• What the task asks:
Give back the records below verbatim, please, but without a single image.

(Extracted records)

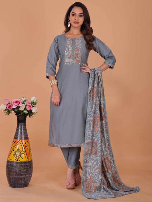 - Find gorgeous sets of ethnic wears in trending designs in grey colors suitable for festive wear of occasions.
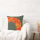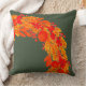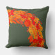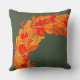 Travesseiro decorativo de Natal elegante. Ilustração brilhante de inverno com coroa decorativa de ramos de abeto, folhas, bagas e laranjas em fundo verde.
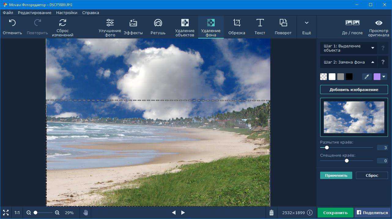 - Замена фона. С помощью этой функции можно кардинально изменить внешний вид фотографии. Для нового фона можно использовать собственное изображение, файл из библиотеки или же просто оставить фон прозрачным.
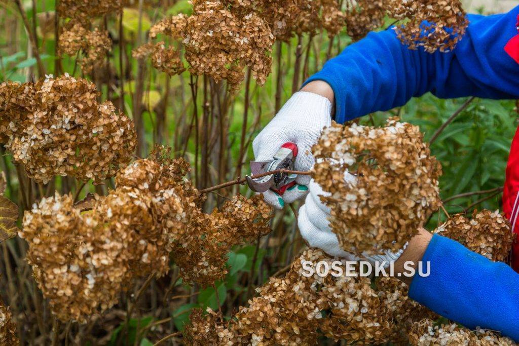 Чтобы сохранить аккуратный вид больших взрослых гортензий, отцветшие соцветия можно убирать по мере подсыхания в течение лета или уже осенью. Старые гортензии омолаживают, полностью срезая их под корень. Обрезкой можно целенаправленно сформировать за 4-5 года маленькое декоративное деревце.
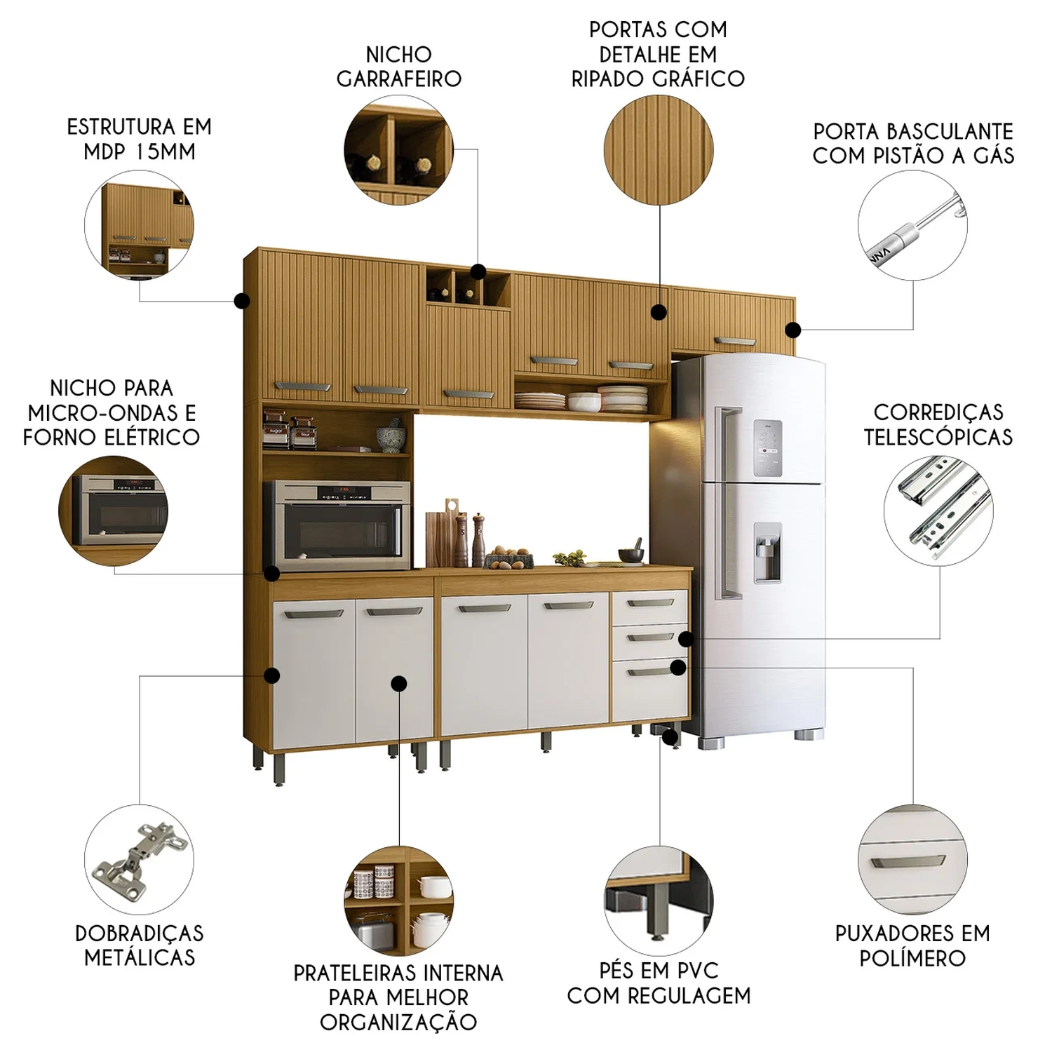 O Armário Aéreo traz ainda mais funcionalidade, com três portas, um nicho para temperos e um nicho adega com três compartimentos. Já o Armário de Geladeira completa a composição com uma porta basculante equipada com pistão a gás, proporcionando um movimento suave e controlado. Com três prateleiras internas, a Cozinha Compacta possui amplo espaço para armazenar seus utensílios e mantimentos de forma pratica e eficiente.
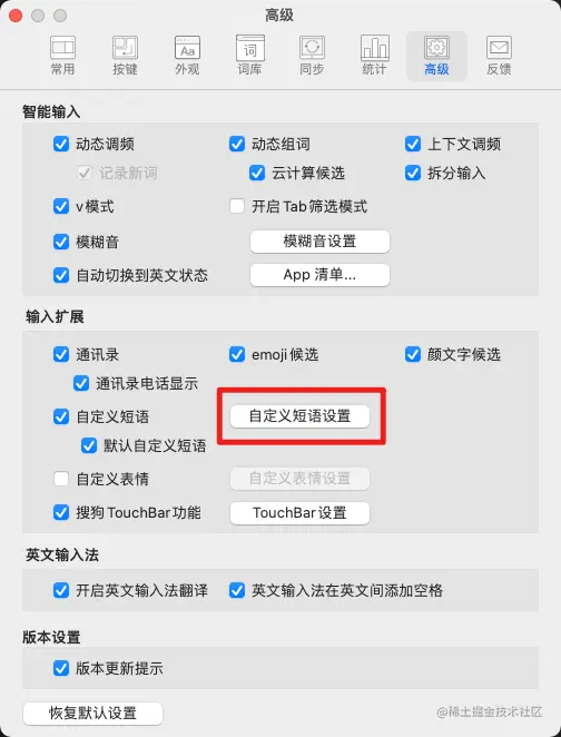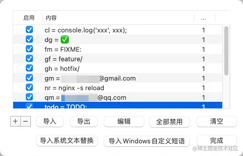 有一说一,这个功能个人感觉输入法必须要有,真是太省事了,很多经常要输入的内容,比如 git commit 的前缀、日期时间、常用命令行命令等都可以自己定义,要用的时候直接敲 2-3 个键就 ok
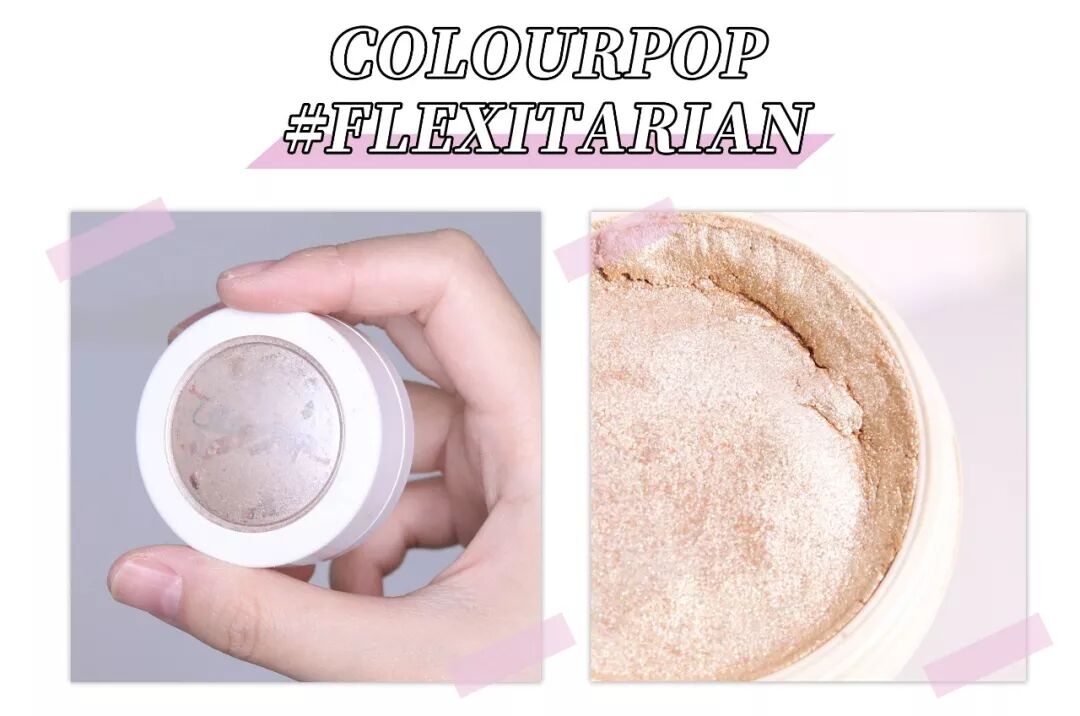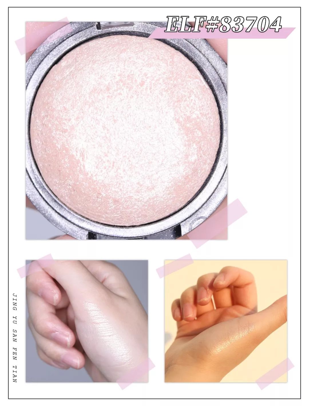 这块是烘焙高光,质地比较硬,取粉有点困难,光泽度是比较显眼的,是那种带点闪的高光,但是会显毛孔。

• Reply:
 - Find gorgeous sets of ethnic wears in trending designs in grey colors suitable for festive wear of occasions.
 Travesseiro decorativo de Natal elegante. Ilustração brilhante de inverno com coroa decorativa de ramos de abeto, folhas, bagas e laranjas em fundo verde.
 - Замена фона. С помощью этой функции можно кардинально изменить внешний вид фотографии. Для нового фона можно использовать собственное изображение, файл из библиотеки или же просто оставить фон прозрачным.
 Чтобы сохранить аккуратный вид больших взрослых гортензий, отцветшие соцветия можно убирать по мере подсыхания в течение лета или уже осенью. Старые гортензии омолаживают, полностью срезая их под корень. Обрезкой можно целенаправленно сформировать за 4-5 года маленькое декоративное деревце.
 O Armário Aéreo traz ainda mais funcionalidade, com três portas, um nicho para temperos e um nicho adega com três compartimentos. Já o Armário de Geladeira completa a composição com uma porta basculante equipada com pistão a gás, proporcionando um movimento suave e controlado. Com três prateleiras internas, a Cozinha Compacta possui amplo espaço para armazenar seus utensílios e mantimentos de forma pratica e eficiente.
 有一说一,这个功能个人感觉输入法必须要有,真是太省事了,很多经常要输入的内容,比如 git commit 的前缀、日期时间、常用命令行命令等都可以自己定义,要用的时候直接敲 2-3 个键就 ok
 这块是烘焙高光,质地比较硬,取粉有点困难,光泽度是比较显眼的,是那种带点闪的高光,但是会显毛孔。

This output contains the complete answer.